Смущенный Лейрис прервал свое выступление и началась пьеса. После нее Померан прорвался на сцену и объявил, что творец эпохального прорыва в искусстве, Исидор Изу, соблаговолит разъяснить свои теории и прочитать буквенные стихи. Изу вышел вперед: большая часть аудитории покинула зал, несколько человек остались.

Таким образом Изу впервые попал в газеты – и не без успеха. Первая полоса ежедневной левой газеты Combat пестрела заголовком «ЛЕТТРИСТЫ СОРВАЛИ ЛЕКЦИЮ О ТРИСТАНЕ ТЦАРЕ». Возрастающая известность вызвала рост числа его последователей – и по этой причине, утверждал Изу, Галлимар предложил контракт. Но, судя по слухам, Галлимар сделал это из-за того, что последователи Изу пригрозили поджечь его издательский офис – хотя такие слухи только придавали огоньку. Спустя шесть месяцев после прибытия в Париж неизвестно кем, Изу вошел в моду.




УТВЕРДИВШИСЬ

Утвердившись на максимуме еще до выхода своей первой книги, Изу начал брать эксклюзивные интервью у светил литературного Парижа: у Андре Жида, Франсуа Мориака и других. Содержание этих бесед никак не устраивало потенциальных публикаторов, так что Изу основал свой печатный орган – La Dictature lettrisme («Леттристская диктатура»), которого хоть и хватило на один номер, но он положил начало многим леттристским изданиям.
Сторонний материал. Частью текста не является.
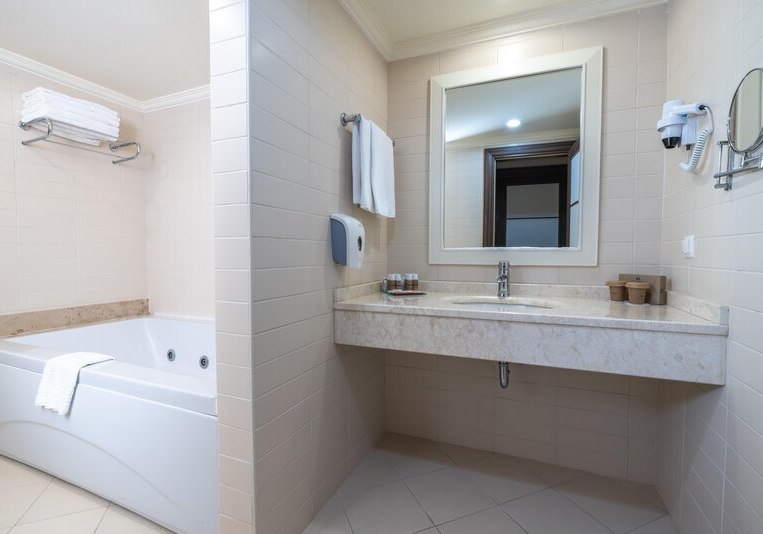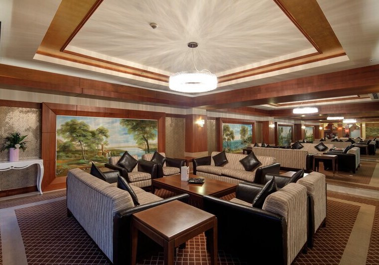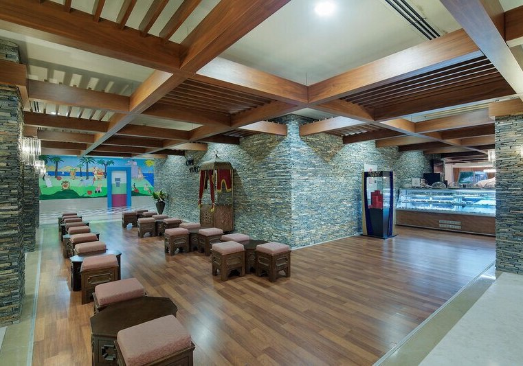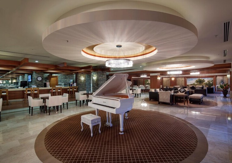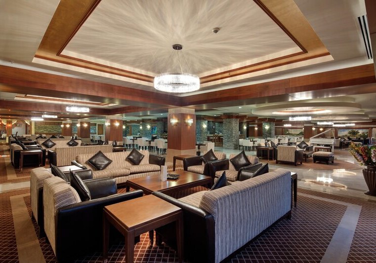 Die Anlage ist groß, aber übersichtlich: Empfangshalle mit Rezeption, Lobby‑Lounge, Lifts in vier Gebäuden und ein klarer Weg zu Garten, Pools und Strand. WLAN ist in allen Bereichen und Zimmern inklusive. Ein kleines Einkaufszentrum, Friseur und Café runden die öffentlichen Bereiche ab. Highlight: Kostenfreies WLAN durchgängig nutzbar.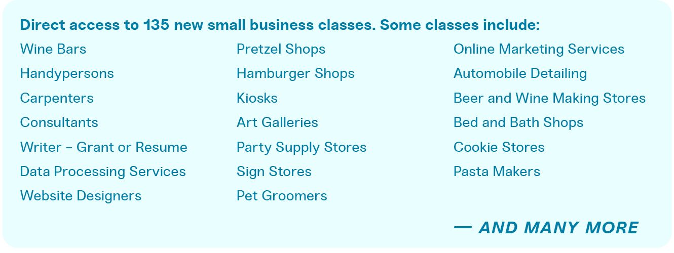 With our new classes, you and your clients get access to over 30 new coverages and endorsements bundled into one policy. Some coverages include Additional Insured by Contract, Agreement, or Permit, Hartford Steam Boiler Cyber Suite, and many more.

Сегодня можно вальяжно поглядывать на такое название как на ребяческую выходку или посчитать это неостроумной мегаломанией. В 1946 году это пугало. Каждый день газеты печатали разоблачительные истории о французах, переходивших на сторону нацистов, репортажи о немыслимых нацистских преступлениях, донесения с нюрнбергских заседаний – в этом контексте выставление напоказ слова «диктатура» было еще хуже, чем панковское прославление свастики, а ведь суть была та же. Провокация Изу была способом привлечь внимание; это был аргумент, что в мире, принимаемом без вопросов, одна диктатура сменяет другую; это свидетельствовало о подлинном кокетстве с фашистским упразднением границ. Результатом стала возросшая известность, и полку адептов прибыло.

Изу писал книги о театре, о себе, о любви: последняя называлась La Mécanique des femmes («Механика женщин»), которая в 1949 году превратила его имя в пароль на Левом Берегу. В предисловии Изу более-менее открыто давал повод полиции к своему аресту (брошюра, по сути, была пособием по сексуальным практикам), с уверенностью заявив о своей безнаказанности – в конце концов, он ведь уже выпустил гораздо более подрывной манифест, призыв к «Леттристской революции»! Министр внутренних дел клюнул на наживку: он запретил книгу и арестовал Изу. Вытащенный на поверхность Изу заявил перед судьей, что его работа является «полезным содействием в образовании юношества». Судья проигнорировал сократову иронию и отправил Изу в психушку. Тем временем, «Механика женщин» вышла на первое место в хит-парадах черного рынка.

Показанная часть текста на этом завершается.